Though these metals may seem scarce, they’re actually relatively abundant. Thulium and lutetium – two of the least frequent of them all – have average crustal abundances about 200 times greater than gold’s. Unfortunately, however, rare earth don’t often occur in concentrations high enough for economic extraction; urban mines of electronic goods offer potential sources; solvent extraction is another possibility, while more sustainable methods like using cyanobacteria to decompose compounds containing rare earths can still be developed further; another promising approach would involve using cyanobacteria to break down compounds containing rare earths found in mining wastewater or recycled electronic waste materials.

Medical Devices

Rare earth metals known as lanthanides (atomic numbers 57 to 71) feature unique fluorescent, conductive, or magnetic properties that make them particularly effective when mixed in small amounts with other metals, such as iron.
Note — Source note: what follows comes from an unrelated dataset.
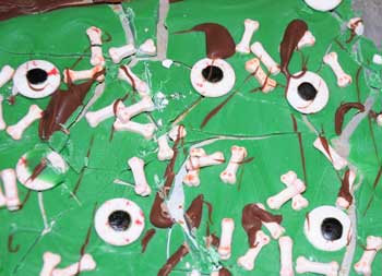 Make Halloween theme bark with adding candy eyes, bones, candy corn

Lanthanides have applications in national security technologies, consumer products, and industrial processes.

REEs are essential components for producing electronic devices like cell phones, televisions, and computers, as they provide magnetic and luminescent properties that make these products possible. Furthermore, REEs play an essential role in green technology, such as wind turbines, hybrid and electric vehicles, and oil refinery equipment.

Neodymium is an integral component of magnets used in modern media and communications gadgets such as iPods and hard drives, as well as in displays and television screens, which contain rare earth elements in phosphors used for displays or TV screens. Without these compounds containing rare earths reacting with light to create vibrant displays, our modern displays would not be so vivid and colorful!

Dysprosium and neodymium combine in an alloy to produce heat-resistant and powerful magnets for use in motors and generators, nuclear control rod production, and amplifying light traveling down fiber-optic cables.

Samarium and yttrium have numerous medical applications, from MRI scans to the production of ceramics (like zirconia for hip replacements and other surgeries). They are also used in an innovative neurostimulator to help alleviate pain or other symptoms.